We know that circuits cannot maintain gamma band or 40 to 60 per second oscillations. Therefore, you require intrinsic membrane properties to maintain that kind of firing frequency. Demonstrating the procedure will be Susan Mahaffey and Dr.Stasia D'Onofrio.
To prepare standard aCSF, first prepare stock solutions A and B and keep them refrigerated at four degrees Celsius for up to two weeks. Before each experiment, mix 50 milliliters of stock A with 50 milliliters of stock B.Then bring the mixture to one liter with distilled water and oxygenate it with carbogen at room temperature for at least 30 minutes. Transfer to a beaker for stirring and oxygenate.
After bubbling, add the calcium chloride. Next, prepare sucrose aCSF by preparing stock solution C.Before each experiment, mix 300 milliliters of stock C with 600 milliliters of distilled water and oxygenate it with carbogen at room temperature for at least 30 minutes. After that, transfer 100 milliliters of sucrose aCSF solution to a clean beaker, place it on ice, and keep it oxygenated with carbogen.
Now, fill up a vibratome cutting chamber with sucrose aCSF and keep it oxygenated. Turn on the glycerol-based refrigerating system coupled to the cutting chamber and wait 15 minutes to allow it to cool down to about four degrees Celsius. Next, remove the pup's brain by placing a spatula under the olfactory bulb and gently pushing it out from the most rostral area towards the most caudal area.
Subsequently, place the brain into the ice-cold oxygenated sucrose aCSF. Make a parasagittal cut on the right hemisphere to remove approximately 1/3 of the hemisphere. Then, glue the trimmed side of the brain onto the metal disk.
Subsequently, fix the metal disk to the vibratome cutting chamber and slice 400 micron sagittal sections containing the PPN. Keep the PPN slices at room temperature for 45 minutes prior to whole-cell patch clamp recording. In this procedure, transfer a slice to the submersion chamber, place a screen on top of it to hold the slice down, and perfuse it at 1.5 milliliters per minute with oxygenated aCSF containing the selected receptor antagonist.
In order to isolate intrinsic membrane properties, what you need to do is block the fast synaptic transmission around the cell and also block the ability to generate action potentials, so you have to use synaptic blockers and tetrodotoxin, or TTX, in order to block action potentials.

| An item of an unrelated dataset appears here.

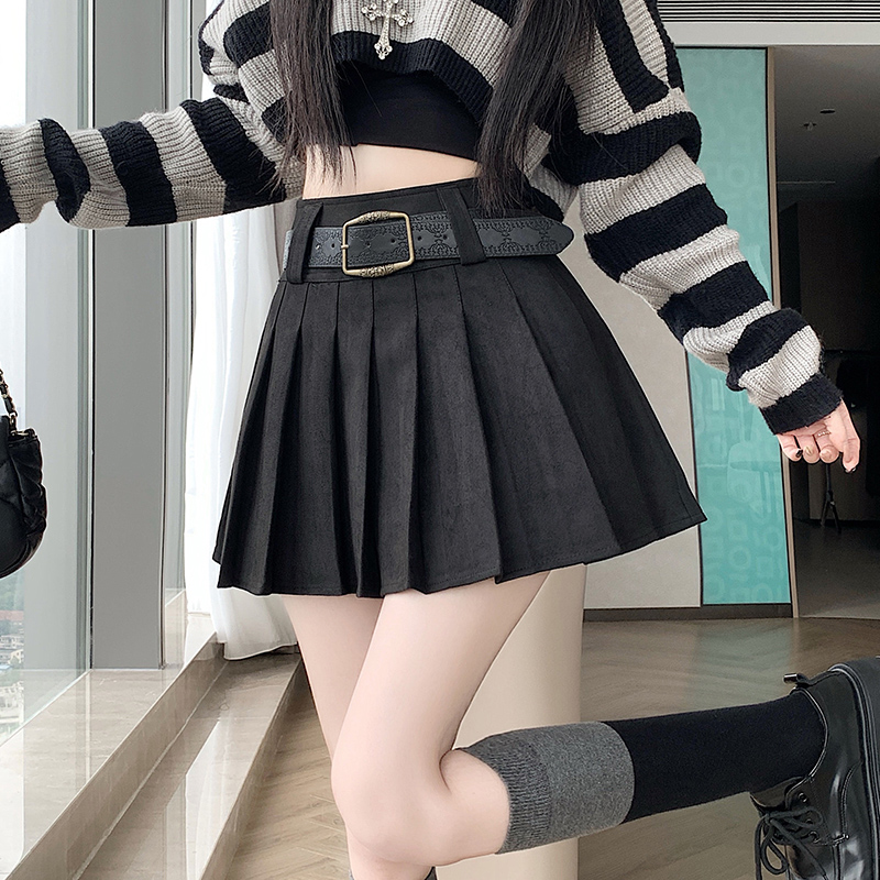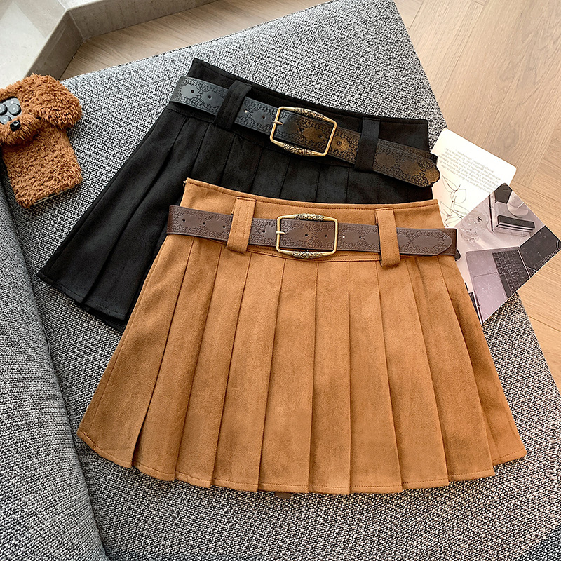 咖色鹿皮绒半身裙女秋冬季 高腰a字短裙显瘦百褶裙 2025新款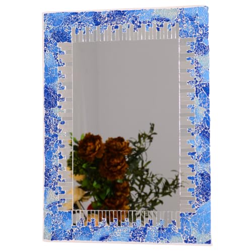 Miroir mural rectangulaire bleu mosaïque bois 60/80cm

That way, the cell that you are patching is the one that generates those properties, and no synaptic input is responsible for those, and that's what we're studying here, intrinsic membrane property. After that, fill the recording patch pipette with intracellular high potassium solution.
Insert the pipette in the headstage holder. Next, apply a small positive pressure using a one milliliter syringe connected to the pipette holder. Using a 4x objective together with the near infrared differential interference contrast optics, locate the PPN nucleus, which is dorsal to the superior cerebellar peduncle.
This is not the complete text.